CBRE’s Megan Burke discusses the trends that are shaping office spaces and shares some advice for companies around the new ways of working.
With the flexible working model continuing to grow, many companies are seeking offices that they can use on flexible terms in order to remain adaptable. These spaces have had to evolve in line with new trends.
Megan Burke leads the Dublin-based flexible offices brokerage team in CBRE, a global commercial real estate business.
She said the main trend driving this flexible way of working is uncertainty. “Agility for businesses has become really important in the midst of global ambiguity,” she said.
“Major corporates around the world are still trying to determine their ‘back to work’ policies. Are employees returning to the office? Are they working remotely part time? How is the overall economy likely to perform and how will this impact headcounts? This is accelerating the trend towards more flexible real-estate solutions.”
As well as increase in the use of flexible office spaces in general, Burke said the way these spaces are designed has also changed.
“At first, there was the ‘serviced office’, where users could pay to access a shared work suite with a limited number of amenities. This type of space was geared towards small start-up companies with remote workers in mind and was relatively cheap and informal space,” she said.
“With more companies wanting to experience the benefits of flexible working, the sector began to evolve and now offers a range of serviced office space from co-working to private flexible offices and even traditional landlords offering managed office space as an enterprise solution.”
Advice for companies
While many workers have embraced remote and hybrid working, many businesses have sought a return to the office as the effects of the pandemic have reduced.
Burke said it can be difficult to find a balance between the two. “Employees appear to want flexibility and a hybrid working model, [while] employers need a base to foster company culture and to attract and retain talent,” she said.
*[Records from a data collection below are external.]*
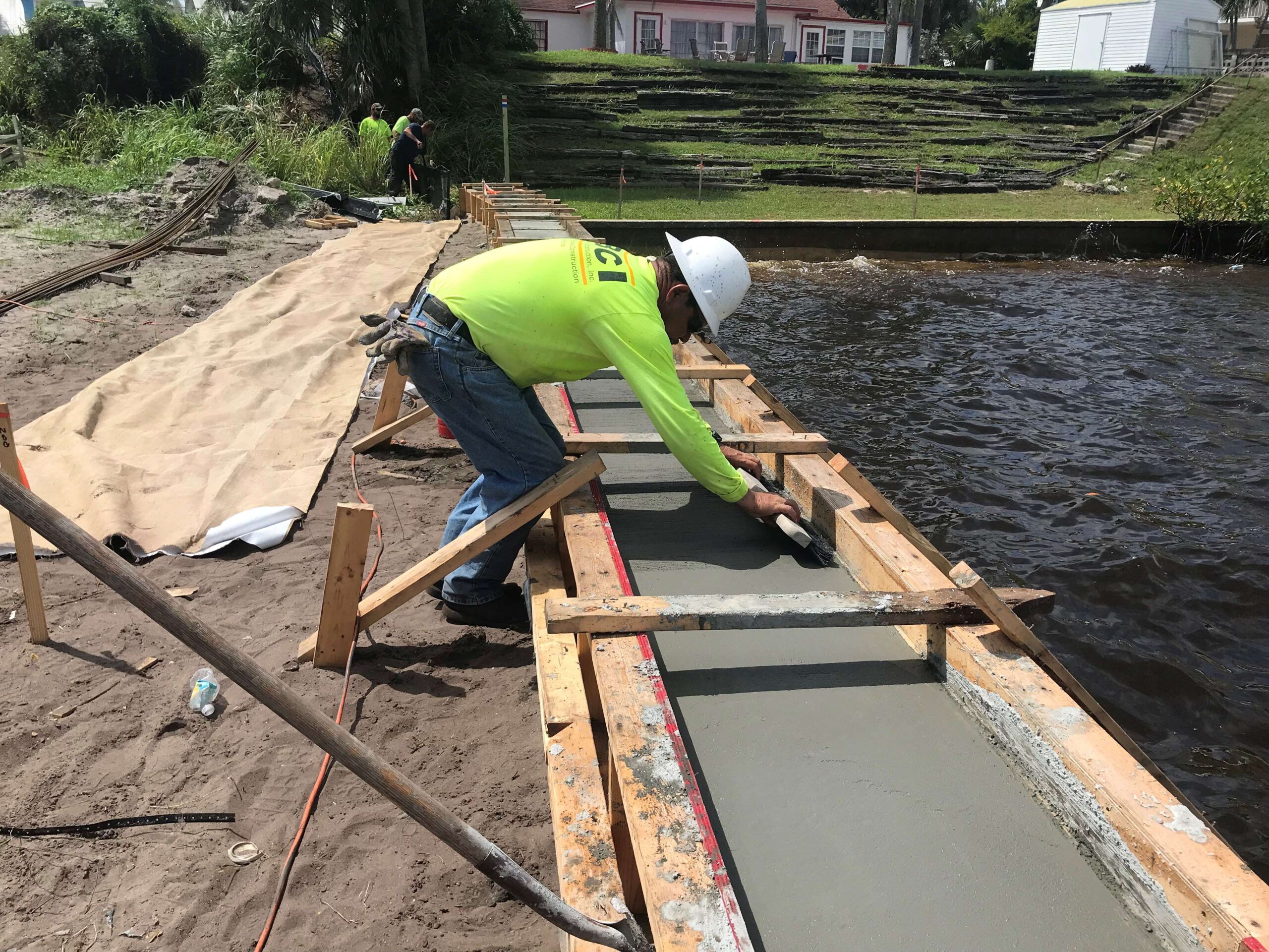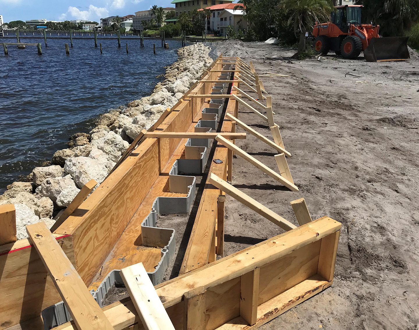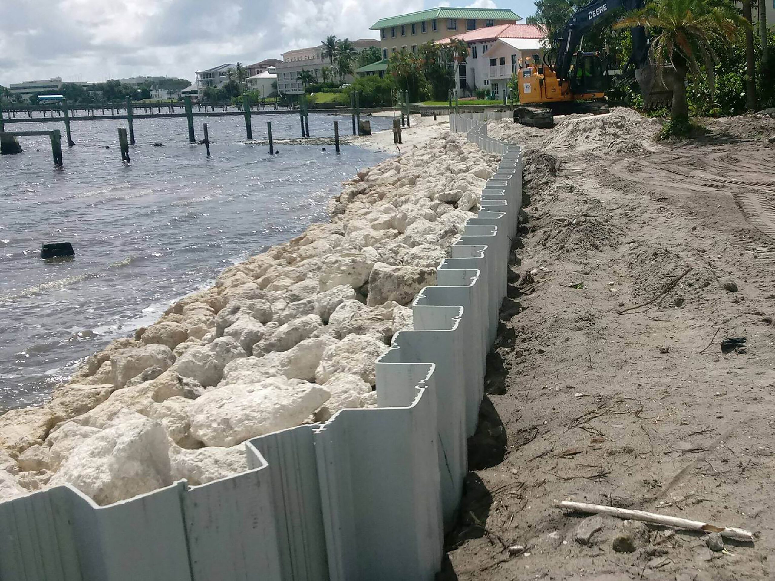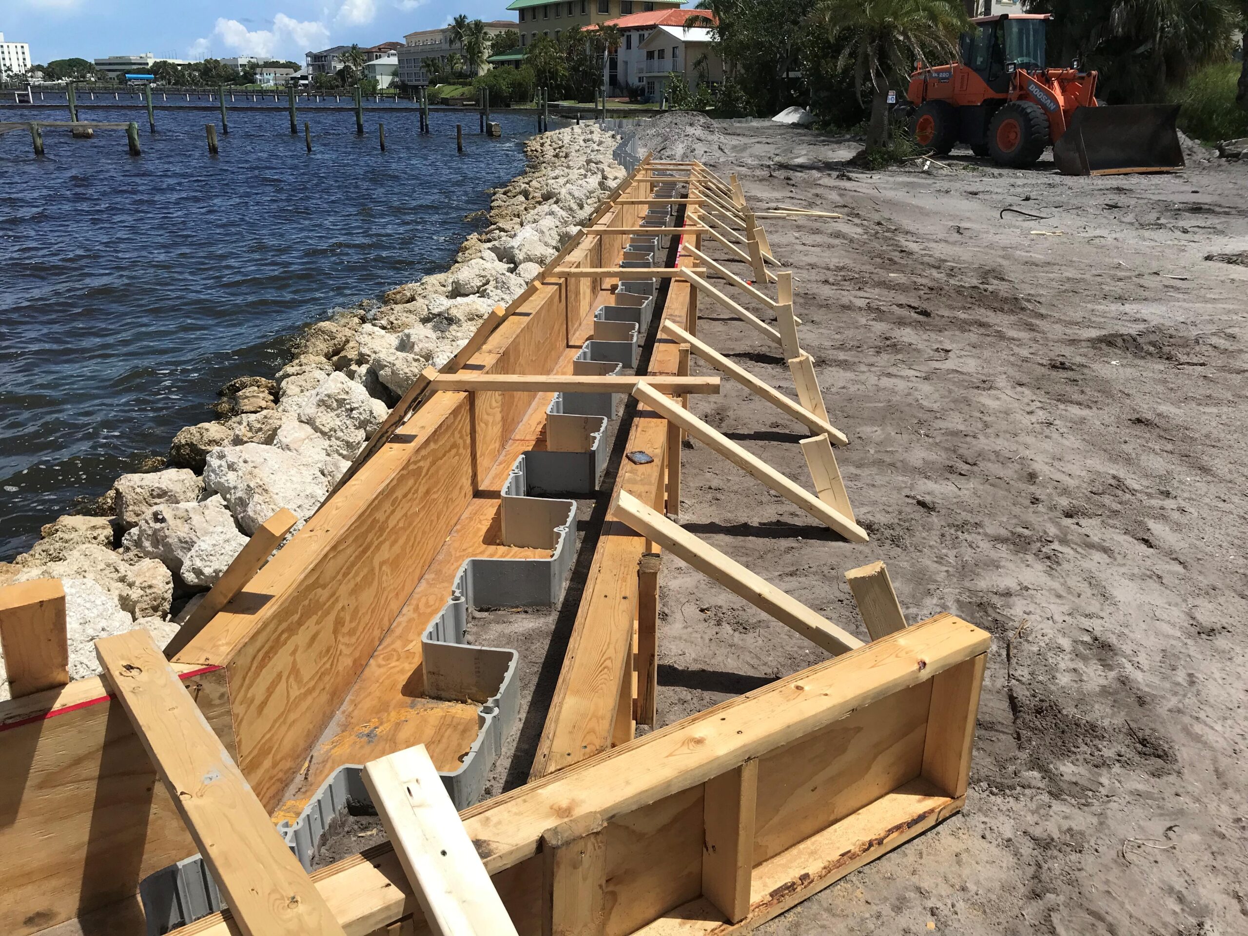 - Install 350 LF vinyl sheet pile wall with cast-in-place reinforced concrete cap
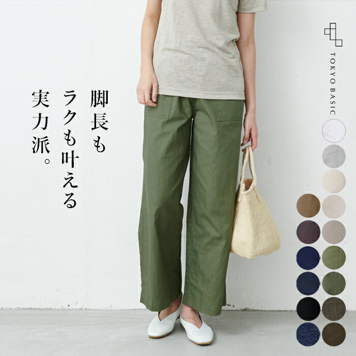 ワイドパンツ レディース 夏 ベイカーパンツ 日本製 40代 50代 60代 女性 ファッション リネン コットン 綿麻 大きいサイズ きれいめ カーキ ゆったり カジュアル 天然素材 大人服 ベージュ ネイビー 紺 ブラック 黒 ライトグレーTOKYO BASIC リネン&コットン リネン&コットン ベイカー ワイドパンツ SIZES・フリー(M-L)・LL カラー ホワイト(カルゼ)・ライトグレー・アイボリー(カルゼ)・グレージュ(カルゼ)・チノベージュ(カルゼ)・カーキ・オリーブグリーン(カルゼ)・オリーブ・モカベージュ(カルゼ)・ダークパープル(カルゼ)・ネイビーブルー(カルゼ)・ネイビー・ブラック(カルゼ)・ライトインディゴ サイズ サイズ計測方法はコチラ>>> 原産国 日本製 素材 綿75%、麻25%(ライトインディゴは綿100%) ※“ライトインディゴ”は、素材の特性上、染料が色落ちすることがありますので、他のものと一緒に洗わないでください。また汗や雨などでぬれた状態、及び単に摩擦によって色落ちし、他の衣類などに色移りする事がありますのでご注意ください。色落ちはインディゴ染めの良さとして、その変化をお楽しみ頂ければと思います。 洗濯表記 手洗い メール便 × 特徴 綿麻素材のパンツはスラリと見えて、ラクな着心地でずっと履いていたい実力派。カジュアルだけど、上質感があって、普段がおしゃれになるパンツです。 ※画面上の商品の色は、お使いのパソコンモニターの設定や照明により、実物と異なる場合があります。 7,890円 税込 送料別 カードOK レビュー206件 TOKYO BASIC (東京ベーシック) ![]() | ||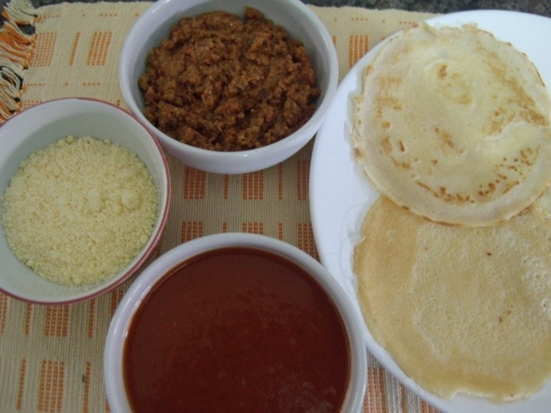 Nota: As panquecas podem ser servidas com o recheio e a cobertura de sua preferência. Podemos utilizar frango, camarão, ricota etc. A cobertura pode ser molho branco, bolonhesa, 4 queijo ou outro, contanto que combine com o recheio. O molho de tomate caseiro, você encontra nesse site.
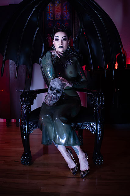 A woman in a satanic throne resting her elbow on a demon head embodying a powerful and dark presence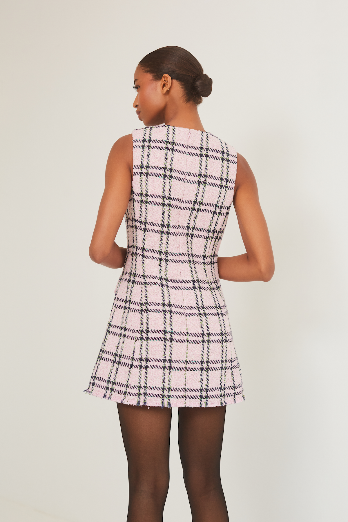 • Scoopneck fitted mini dress in pink boucle tweed with frayed edge at hem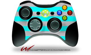 XBOX 360 Wireless Controller Decal Style Skin - Psycho Stripes Neon Teal and Gray (CONTROLLER NOT INCLUDED)
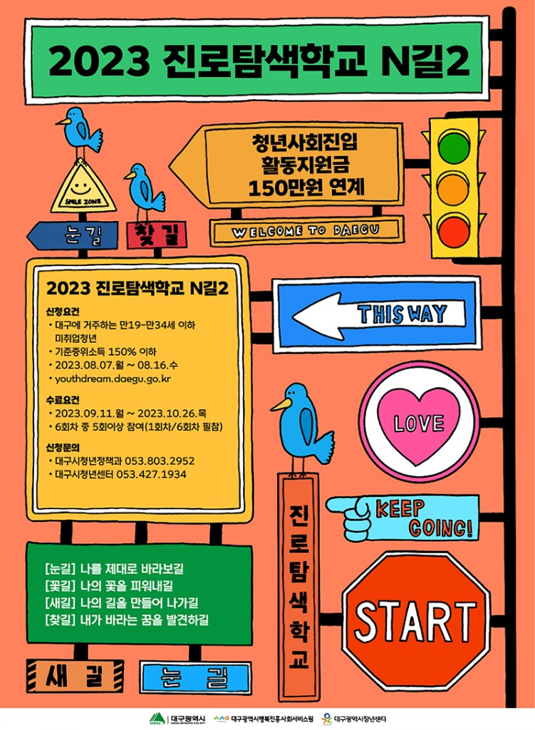 대구광역시와 대구광역시청년센터는 청년에게 진로탐색의 기회를 제공하는 ‘진로탐색학교 N길’에 참여할 청년들을 8월 7일(월)부터 16일(수)까지 모집한다.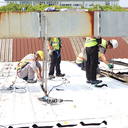 海美防水瓦以鋼板為基板,表面貼覆具有防水防腐功能的TPO/PVC卷材(熱塑性聚烯烴類防水卷材),是海美金屬推出的新一代防水防腐屋面建筑材料。海美防水瓦主要特點(diǎn)就是在各類環(huán)境下不易生銹不易漏水,使用熱風(fēng)焊接進(jìn)行相連,覆蓋全部裸露的縫隙,在使用過程中可以達(dá)到蓄水不滲透的效果,防水效果好,同時(shí)還有較好的抗風(fēng)揭性能和耐老化性能,為鋼結(jié)構(gòu)建筑屋面提供了長(zhǎng)久的防護(hù)。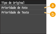 Você pode selecionar o tipo de original dependendo da imagem a ser impressa. Selecione <Prioridade de Foto> ou <Prioridade de Texto>.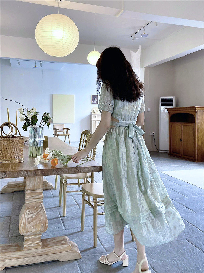 法式复古文艺少女方领提花连衣裙2021夏设计感露腰收腰显瘦中长裙热门设计联盟服务商

“One of the main attractions of flexible space is that the building operator provides all of the on-site building amenities.”
She added that one of the key elements leaders should think about if they’re looking for a flexible office model is to find one that fosters a culture of collaboration within the building.
“It takes a lot of pressure off the employer when the community element is looked after by the service provider and when benefits such as high-speed technology, gyms and wellness facilities, townhall events with guest speakers, after-work drinks, barista coffees, etc are all provided on site as part of the monthly rent.”